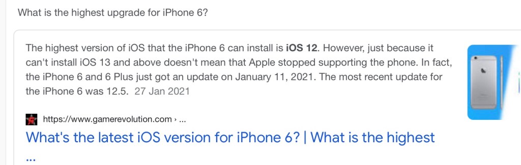 Dit was vir my verdag. Toe doen ek ‘n eenvoudige soektog. Wat is die hoogste bedryfstelsel vir die iPhone 6 en kry ek hierdie inligting.
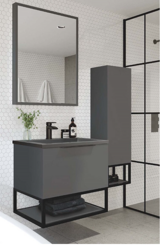 Ambience Matt Grey Tall Boy Cabinet 900mm Key features: 300 x 900 x 250mm Guarantee included Tall Wall Hung Cabinet Please Note: Black Frame S...
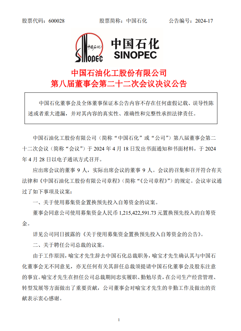 4月29日,中國石化發(fā)布公告稱,由于工作原因,喻寶才先生辭去中國石化總裁職務。董事會聘任趙東先生為中國石化總裁,同時調(diào)整為執(zhí)行董事,聘期自董事會批準之日起至第八屆董事會任期屆滿時止。
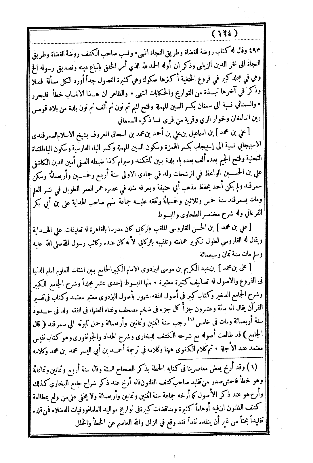 (¬1) وقد أرخ بعض معاصرينا في كتابه الحطة بذكر الصحاح الستة وفاته سنة أربع وثمانين وثمانمائة وهو خطأ فاحش صدر من تقليد صاحب كشف الظنون فإنه أرخ عند ذكر شراح جامع البخاري كذلك وأرخ هو عند ذكر الأصول كما أرخه جماعة سنة اثنتين وثمانين وأربعمائة ولا يخفى على من ولع بمطالعة كشف الظنون أن فيه أوهامًا كثيرة ومناقضات كبيرة في تواريخ مواليد العلماء ووفيات الفضلاء فمن قلده تقليدًا بحتًا من غير أن ينقده نقدًا فقد وقع في الزلل والله العاصم عن الخطأ والخلل.

• **GOAL OF THE EXERCISE**: When the line that holds "4月29日,中國石化發(fā" is reached, begin duplicating exactly, and continue through the last line of the listing, skipping the pictures; output nothing else.

• **ANSWER SECTION**:
 4月29日,中國石化發(fā)布公告稱,由于工作原因,喻寶才先生辭去中國石化總裁職務。董事會聘任趙東先生為中國石化總裁,同時調(diào)整為執(zhí)行董事,聘期自董事會批準之日起至第八屆董事會任期屆滿時止。
 (¬1) وقد أرخ بعض معاصرينا في كتابه الحطة بذكر الصحاح الستة وفاته سنة أربع وثمانين وثمانمائة وهو خطأ فاحش صدر من تقليد صاحب كشف الظنون فإنه أرخ عند ذكر شراح جامع البخاري كذلك وأرخ هو عند ذكر الأصول كما أرخه جماعة سنة اثنتين وثمانين وأربعمائة ولا يخفى على من ولع بمطالعة كشف الظنون أن فيه أوهامًا كثيرة ومناقضات كبيرة في تواريخ مواليد العلماء ووفيات الفضلاء فمن قلده تقليدًا بحتًا من غير أن ينقده نقدًا فقد وقع في الزلل والله العاصم عن الخطأ والخلل.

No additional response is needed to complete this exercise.